Output exactly the lines that come between the start of the material and the line containing "Self-describing as a", both ends included, with the pictures omitted.

Segment Start: Material provided

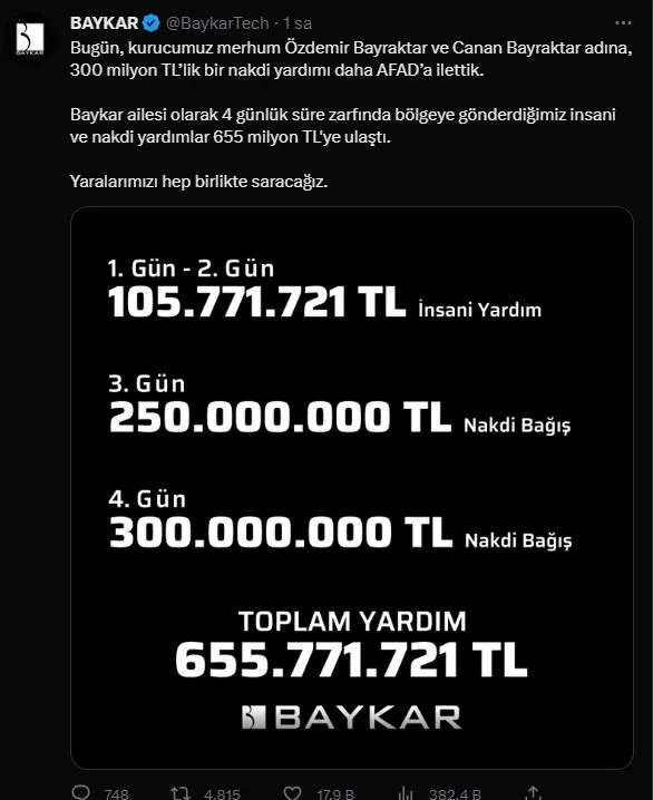 Şirketin açıklamasında "Bugün, kurucumuz merhum Özdemir Bayraktar ve Canan Bayraktar adına, 300 milyon TL'lik bir nakdi yardımı daha AFAD'a ilettik. Baykar ailesi olarak 4 günlük süre zarfında bölgeye gönderdiğimiz insani ve nakdi yardımlar 655 milyon TL'ye ulaştı." ifadeleri yer aldı.
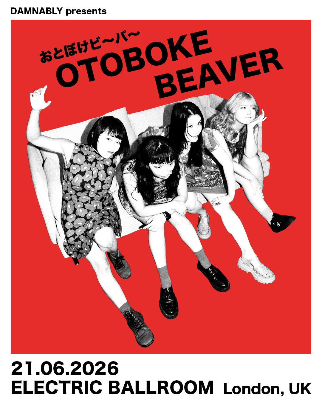 Self-describing as a “knock-out or pound cake” band, Otoboke Beaver are a punk-rock-garage quartet formed in 2009 at University in Kyoto, Japan. Their off-kilter, viciously melodic charm, incredible musicianship, and command of a stage make for a thrilling and unmissable live act.
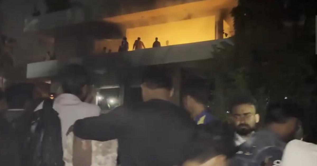 A large group of protesters on Wednesday vandalised and set on fire Bangladesh founder Sheikh Mujibur Rahman's residence in Dhaka during a live online address of his daughter and deposed prime minister Sheikh Hasina.
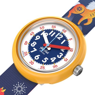 Cette montre Flik Flak a un boîtier Plastique biosourcé 30 mm en diamètre et est équipée d'un bracelet Textile. Le boîtier contient un mouvement ETA et la montre est dotée d'un cristal Acrylique..
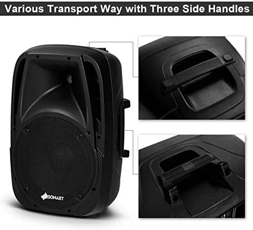 Easy Mobility and Easy Set-up: Clever enclosure design incorporates three handles that allow for easy speaker portability. Complete DJ party speaker system set ready to set-up right out of the box. You can either set this speaker at ground or set with stand. There are two tripod stands featuring three levels adjustable height form 3.5ft to 4.5ft to make sure excellent sound more spread.
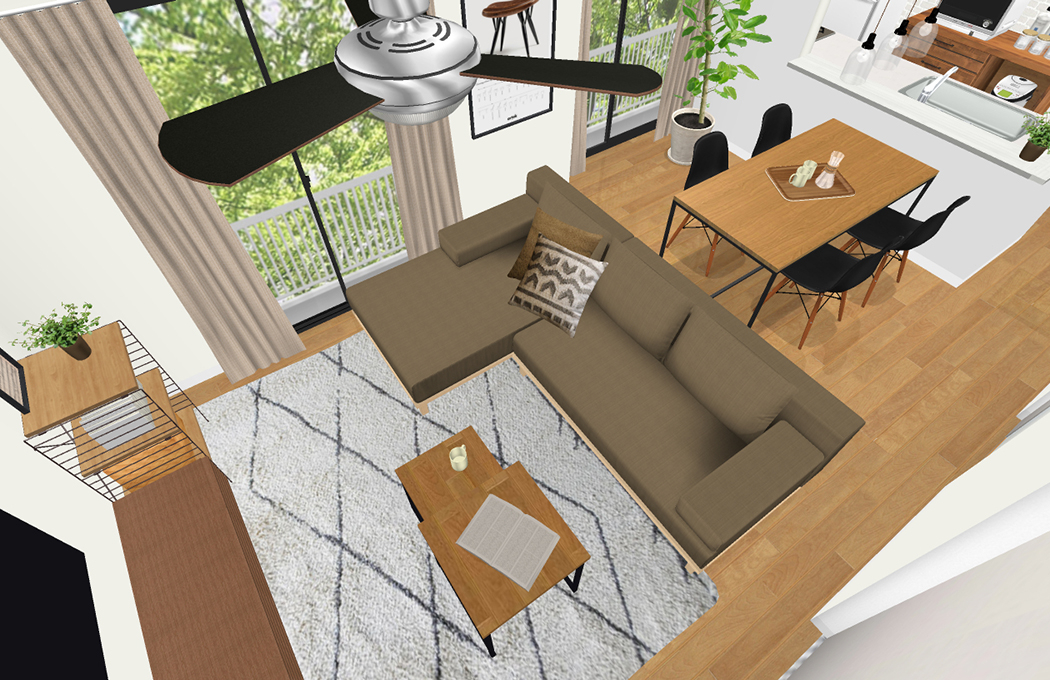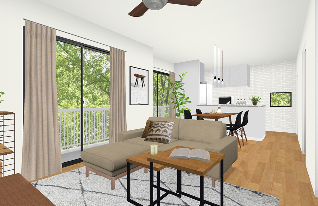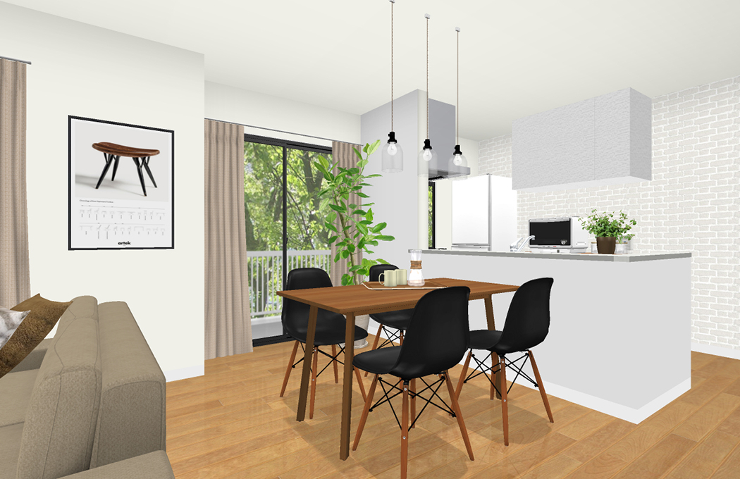 ご希望の商品の場合、生活動線を考えると厳しい箇所がございましたため、ソファとダイニングは2つのパターンをご案内させていただきます。
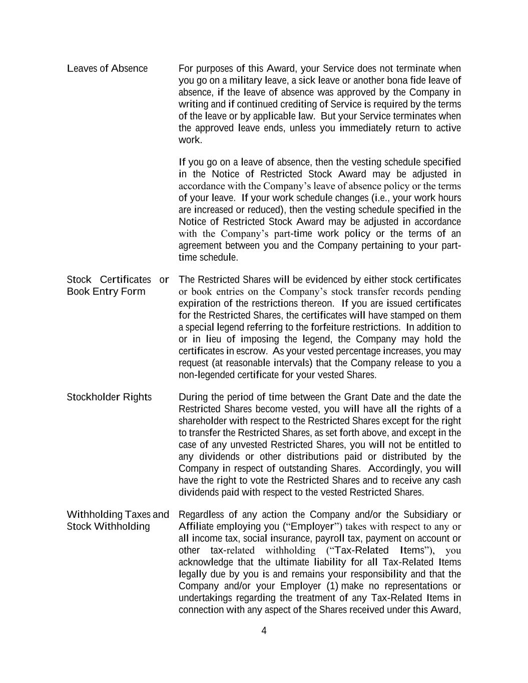 4 Leaves of Absence For purposes of this Award, your Service does not terminate when you go on a military leave, a sick leave or another bona fide leave of absence, if the leave of absence was approved by the Company in writing and if continued crediting of Service is required by the terms of the leave or by applicable law. But your Service terminates when the approved leave ends, unless you immediately return to active work. If you go on a leave of absence, then the vesting schedule specified in the Notice of Restricted Stock Award may be adjusted in accordance with the Company’s leave of absence policy or the terms of your leave. If your work schedule changes (i.e., your work hours are increased or reduced), then the vesting schedule specified in the Notice of Restricted Stock Award may be adjusted in accordance with the Company’s part-time work policy or the terms of an agreement between you and the Company pertaining to your part- time schedule. Stock Certificates or Book Entry Form The Restricted Shares will be evidenced by either stock certificates or book entries on the Company’s stock transfer records pending expiration of the restrictions thereon. If you are issued certificates for the Restricted Shares, the certificates will have stamped on them a special legend referring to the forfeiture restrictions. In addition to or in lieu of imposing the legend, the Company may hold the certificates in escrow. As your vested percentage increases, you may request (at reasonable intervals) that the Company release to you a non-legended certificate for your vested Shares. Stockholder Rights During the period of time between the Grant Date and the date the Restricted Shares become vested, you will have all the rights of a shareholder with respect to the Restricted Shares except for the right to transfer the Restricted Shares, as set forth above, and except in the case of any unvested Restricted Shares, you will not be entitled to any dividends or other distributions paid or distributed by the Company in respect of outstanding Shares. Accordingly, you will have the right to vote the Restricted Shares and to receive any cash dividends paid with respect to the vested Restricted Shares. Withholding Taxes and Stock Withholding Regardless of any action the Company and/or the Subsidiary or Affiliate employing you (“Employer”) takes with respect to any or all income tax, social insurance, payroll tax, payment on account or other tax-related withholding (“Tax-Related Items”), you acknowledge that the ultimate liability for all Tax-Related Items legally due by you is and remains your responsibility and that the Company and/or your Employer (1) make no representations or undertakings regarding the treatment of any Tax-Related Items in connection with any aspect of the Shares received under this Award,
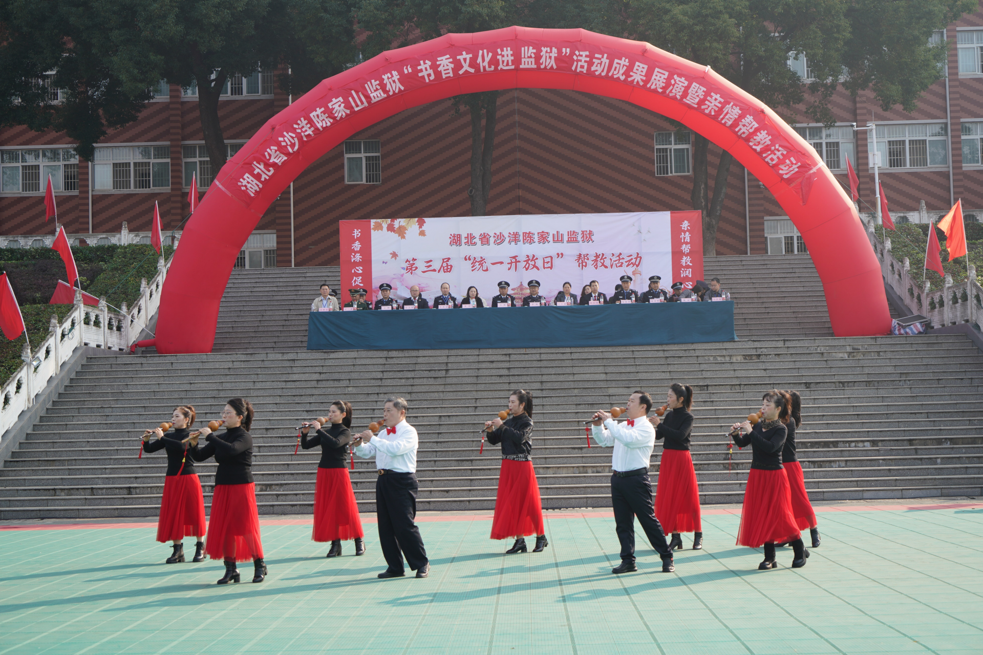主会场内,沙洋陈家山监狱民警、监狱关工委、沙洋县文联带来了精彩的文艺演出。共同表演了葫芦丝演奏及配乐诗朗诵《唱支山歌给党听》《当书香越过高墙》《读中国》等节目,深情表达了对祖国的热爱,激发服刑人员的爱国之情。服刑人员还进行了三项竞赛成果展示和队列歌咏表演,展现出良好的改造状态。
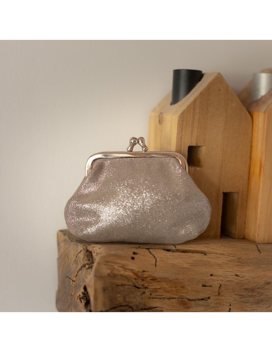 Porte-monnaie Reine en cuir Pailleté Gris Bastille
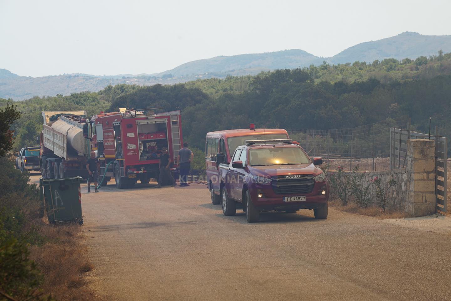 - Επιχειρούν 32 πυροσβέστες, 14 οχήματα, 1 ελικόπτερο, υδροφόρες δήμου και εθελοντές.
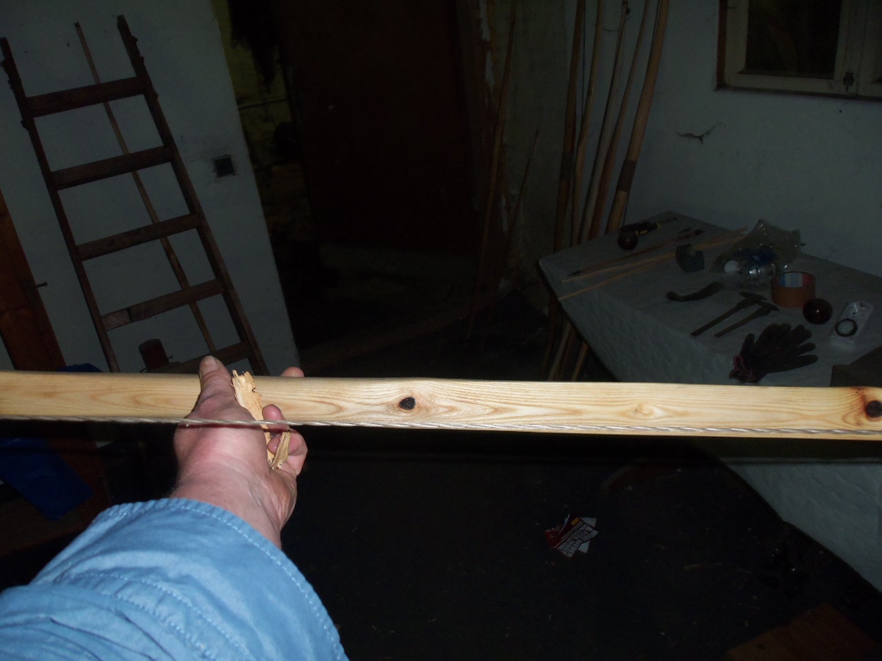 Insgesamt ist der Bogen durch die bessere Biegung aussen nach Beseitigung des Stauchrisses schneller und der obere WA runder, peitschenähnlicher geworden. Der dicke Ast in der Mitte des oWA nervt natürlich, aber die Umgebung runder zu machen, könnte , meine ich den Bogen kosten. Wie das ganze jetzt getoastet und geölt sich verhält, gibts morgen Mittag.

Segment End: Material provided

> **Your response**
 Şirketin açıklamasında "Bugün, kurucumuz merhum Özdemir Bayraktar ve Canan Bayraktar adına, 300 milyon TL'lik bir nakdi yardımı daha AFAD'a ilettik. Baykar ailesi olarak 4 günlük süre zarfında bölgeye gönderdiğimiz insani ve nakdi yardımlar 655 milyon TL'ye ulaştı." ifadeleri yer aldı.
 Self-describing as a “knock-out or pound cake” band, Otoboke Beaver are a punk-rock-garage quartet formed in 2009 at University in Kyoto, Japan. Their off-kilter, viciously melodic charm, incredible musicianship, and command of a stage make for a thrilling and unmissable live act.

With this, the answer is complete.